The singer sent fans into a frenzy when she posted about her album on her Instagram account earlier in the week.
The simple post read: "25 out November 20th", and was accompanied by a black and white headshot of her.
She debuted the album's first single, Hello, on Grimshaw's show, with the cinematic video for the song also being released shortly.
"My hips just started hurting because I'm getting so nervous," she told Grimshaw before he played it.
When asked if the song needed an emotional warning, she replied: "It doesn't need an emotional warning, it's a very intimate song and very conversational. I'm singing quite high up in the chorus, I'm trying to have a Meat Loaf moment.
"I want people to like it, I really like it and when I wrote it, I knew this would be the first thing everyone heard from me."
Following the song's debut on the radio show, fans praised her on social media.
One fan tweeted: "She's back and amazing!" and another said "How is it possible for one human to be so talented? It's not normal."
The first lyric of the song is "Hello" and the star referenced Lionel Richie's famous lines from his song of the same name, saying: "Me and Lionel, we definitely have got to do something. Lionel, I'm putting it out there."
She said she felt relieved after the song had aired.
"I've been sitting on it for ages," she said. "I felt like a lot of stuff in my life has changed and not at all because of my career, because stuff changes. And I found myself yearning for my past for no reason other than that it had gone.
"I missed elements of it, it's not about an ex-relationship, it's about my relationship with everyone that I love, it's not that we have fallen out, we've all got our lives going on and I needed to write that song so they would all hear it, because I'm not in touch with them."
She gave fans an insight into the album via Facebook and Twitter on Wednesday, three days after she had teased a snippet from a song during an ad break on ITV's The X Factor.

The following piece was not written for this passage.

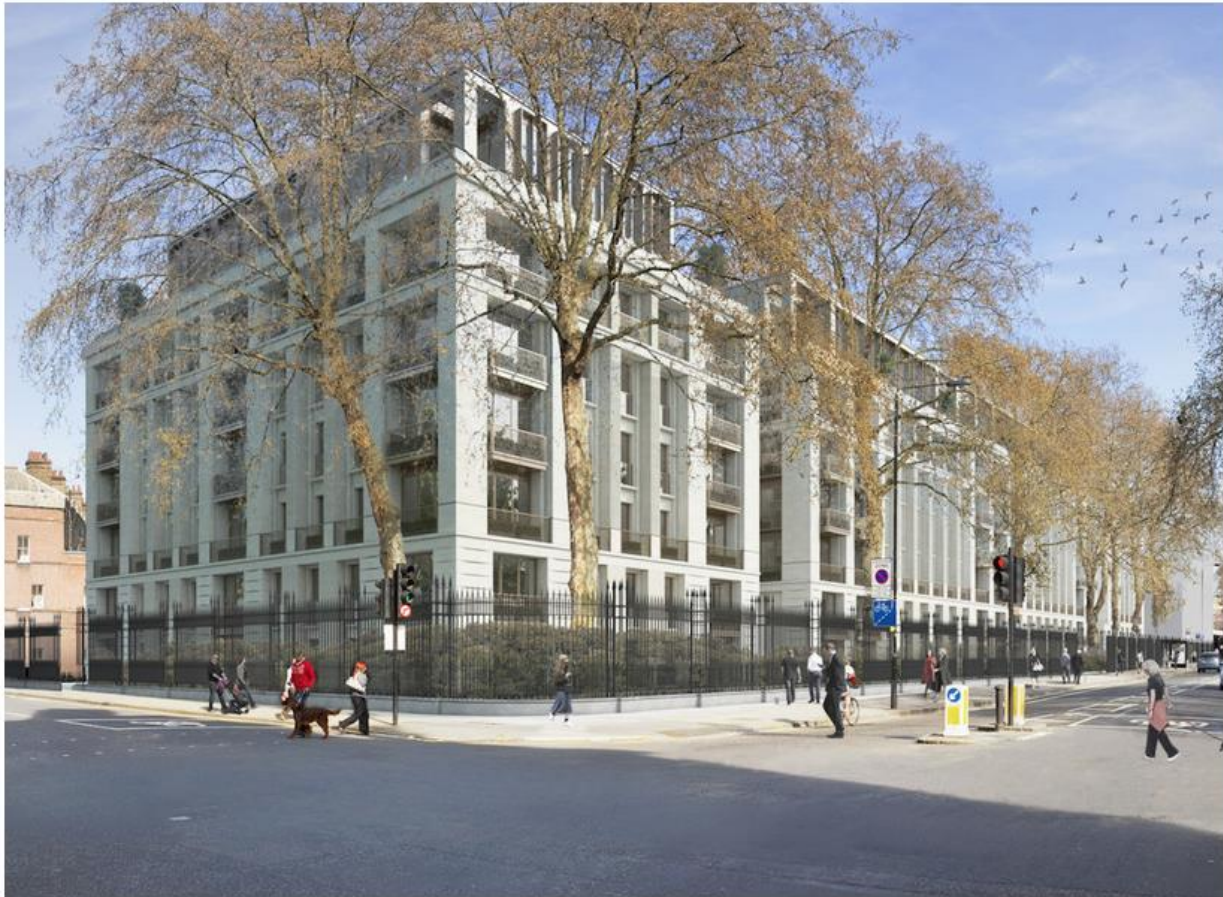
The $4.3 billion redevelopment of London's Chelsea Barracks, a former home for retired soldiers.

Her message said: "My last record was a break-up record and if I had to label this one I would call it a make-up record. I'm making up with myself.
"Making up for lost time. Making up for everything I ever did and never did. But I haven't got time to hold on to the crumbs of my past like I used to. What's done is done."

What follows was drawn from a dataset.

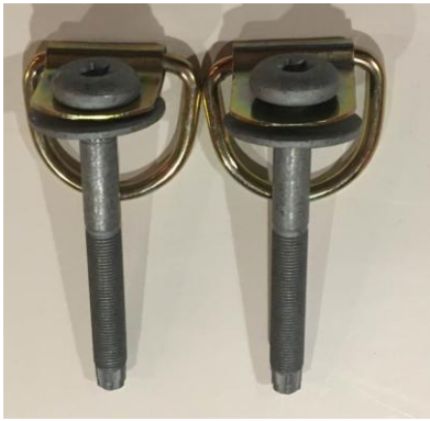
Figure 1 TA64006 KIT Using YOUR bolts
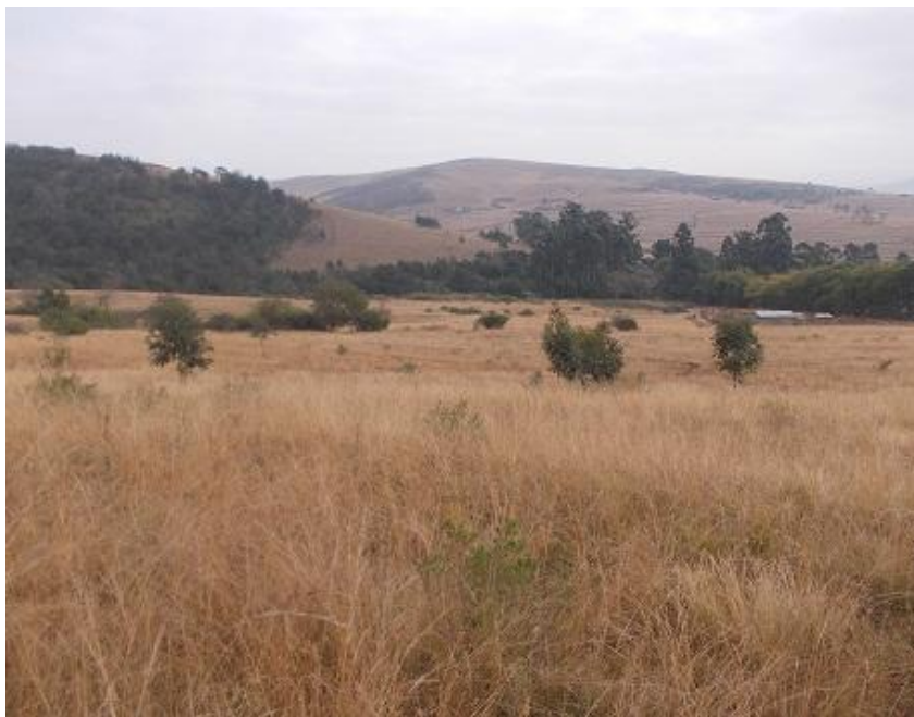
Fig 1. General view of proposed development area

General GPS co-ordinate: S30° 20' 29.1" E29° 58' 10.5"

Reflecting, she said she used to wish her years away.
"When I turned 12 I just wanted to be 18. Then after that I stopped wanting to be older," she wrote.
"Now I'm ticking 16-24 boxes just to see if I can blag it. I feel like I've spent my whole life so far wishing it away. Always wishing I was older, wishing I was somewhere else. Wishing I hadn't ruined so many good things because I was scared or bored."
She became a mother in October 2012, when she gave birth to son Angelo with boyfriend Simon Konecki.